═══ The data ═══

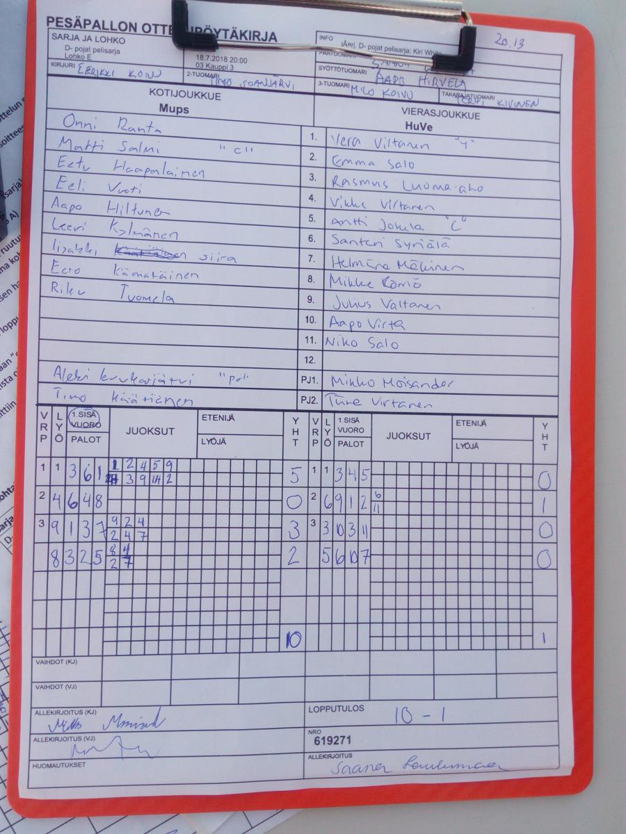 | 18.7.2018 20:00 | 03 Kauppi 3 | Mups | HuVe | 10-1 | näytä |
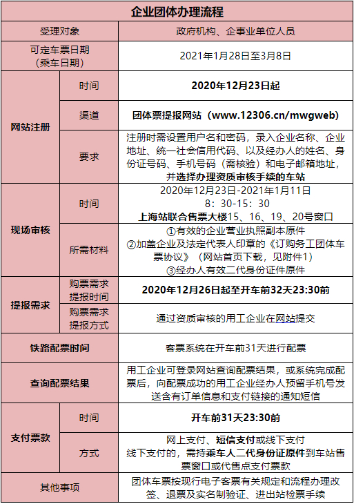 2020年12月23日起,用工企业可登陆团体车票办理网站(www.12306.cn/mwgweb,以下简称网站)注册账户,录入企业信息。
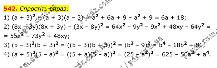 Спростіть вираз: 1) (а + 3)2 – (a + 3)(a – 3) = a2 + 6a + 9 – a2 + 9 = 6a + 18; 2) (8х – 3у)(8х + 3у) – (3х – 8у)2 = 64x2 – 9y2 – 9х2 + 48xy – 64y2 = = 55x2 – 73y2 + 48ху; 3) (b – 3)2(b + 3)2 = ((b – 3)(b + З))2 = (b2 – 9)2 = b4 – 18b2 + 81; 4) (а + 5)2(5 – а)2 = ((5 + a)(5 – а))2 = (25 – а2)2 = 625 – 50а2 + а4.
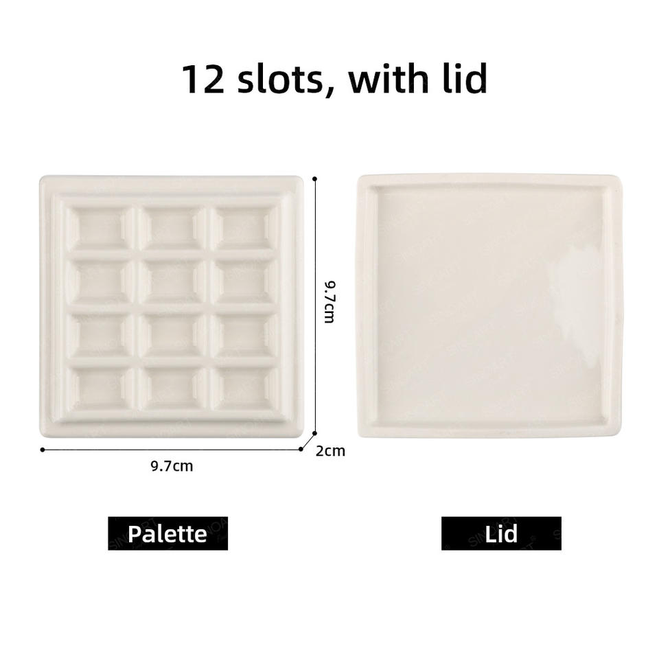 Palette en céramique pour artiste SINOART, 12 fentes, 2 cm d'épaisseur, palette en céramique pour aquarelle avec couvercle, palette en porcelaine blanche carrée pour aquarelle
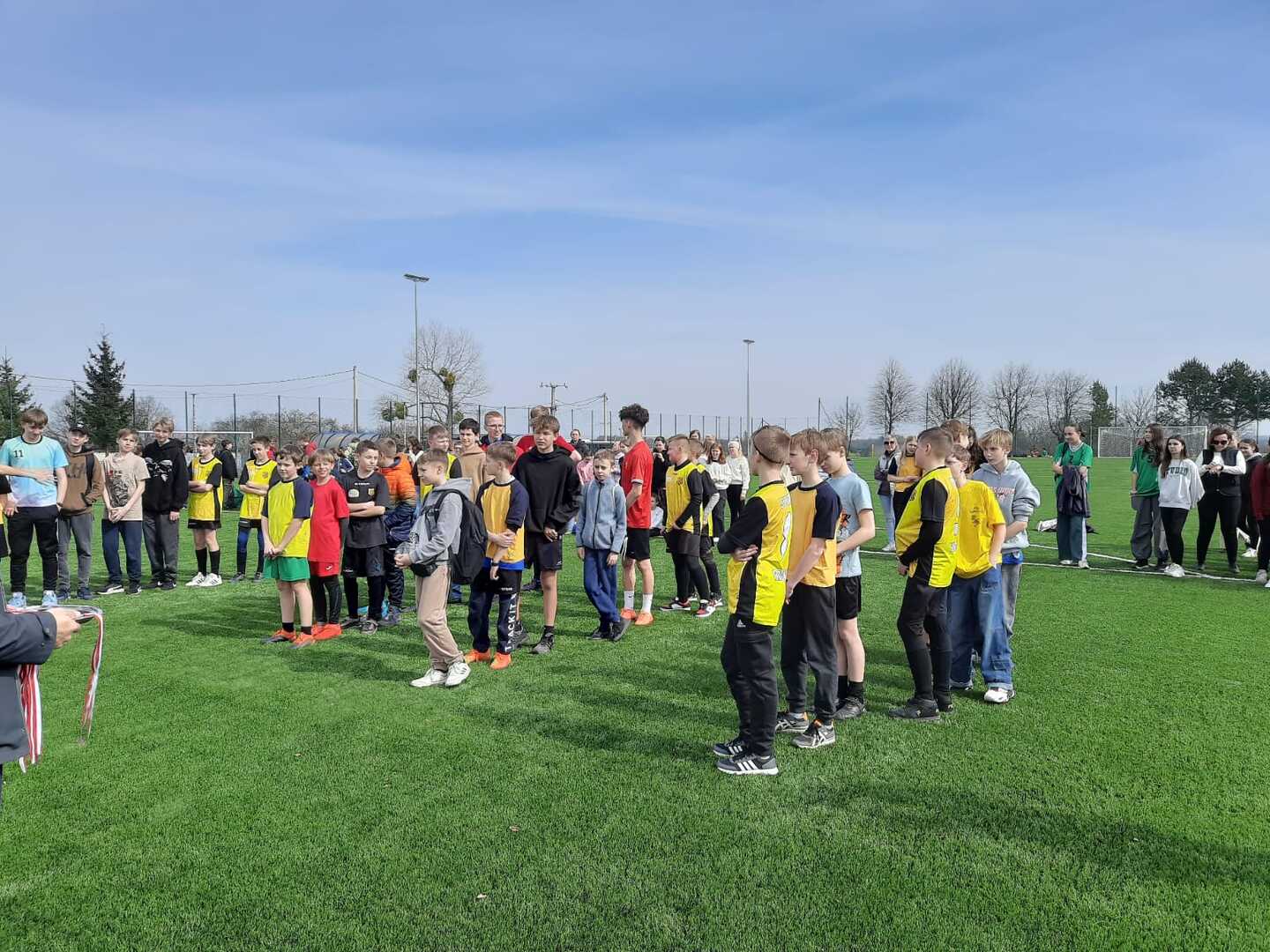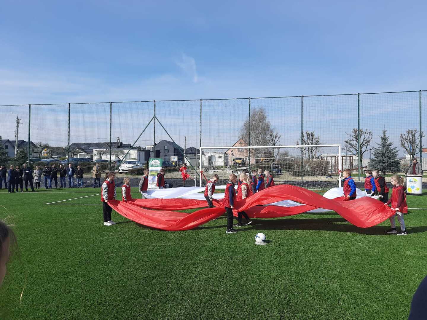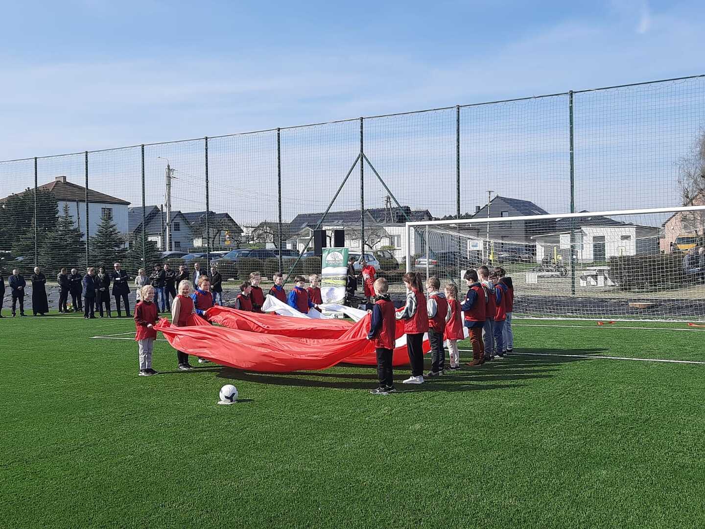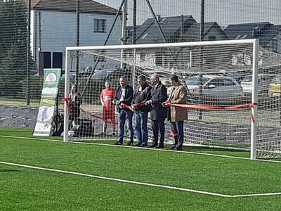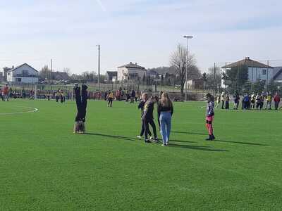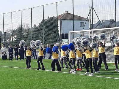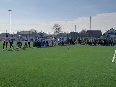 Jest to pierwsze boisko do piłki nożnej ze sztuczną trawą w powiecie raciborskim. 21 marca klasy IV-VII naszej szkoły uczestniczyły w ceremonii otwarcia, którą rozpoczęto odśpiewaniem hymnu państwowego. Następnie w części oficjalnej dowiedzieliśmy się o przebiegu działań związanych z powstaniem boiska realizowanych w ramach Rządowego Programu Polski Ład. Wspólne przecięcie wstęgi przez Pana Wójta, przedstawicieli Polskiego Związku Piłki Nożnej oraz władz województwa i powiatu uroczyście otwarło obiekt dla mieszkańców. W części artystycznej młodzież zaprezentowała ciekawe układy taneczne oraz odbył się pokaz sportowy Mistrza Świata we Feestyle Football Pawła Skóry. Po oficjalnym otwarciu młodzież mogła uczestniczyć w zajęciach sportowych na boisku: spróbować freestyle'owych sztuczek z piłką pod kierunkiem mistrza, postrzelać do bramki czy zagrać w turnieju piłkarskim lub po prostu posiedzieć, odpocząć i pokibicować innym. Dla wszystkich gości przygotowany był smaczny poczęstunek i napoje. Dzień ten był wspaniałą okazją do międzyszkolnej integracji oraz promowania zdrowego, aktywnego stylu życia a nowe boisko daje możliwość rozwijania pasji sportowych i szkolenia przyszłych mistrzów piłki nożnej.

═══

About this exercise: Without the pictures, repeat the entries above line by line, from the first through the one that contains "Спростіть вираз: 1)", both ends included.

Response to this task:
 | 18.7.2018 20:00 | 03 Kauppi 3 | Mups | HuVe | 10-1 | näytä |
 2020年12月23日起,用工企业可登陆团体车票办理网站(www.12306.cn/mwgweb,以下简称网站)注册账户,录入企业信息。
 Спростіть вираз: 1) (а + 3)2 – (a + 3)(a – 3) = a2 + 6a + 9 – a2 + 9 = 6a + 18; 2) (8х – 3у)(8х + 3у) – (3х – 8у)2 = 64x2 – 9y2 – 9х2 + 48xy – 64y2 = = 55x2 – 73y2 + 48ху; 3) (b – 3)2(b + 3)2 = ((b – 3)(b + З))2 = (b2 – 9)2 = b4 – 18b2 + 81; 4) (а + 5)2(5 – а)2 = ((5 + a)(5 – а))2 = (25 – а2)2 = 625 – 50а2 + а4.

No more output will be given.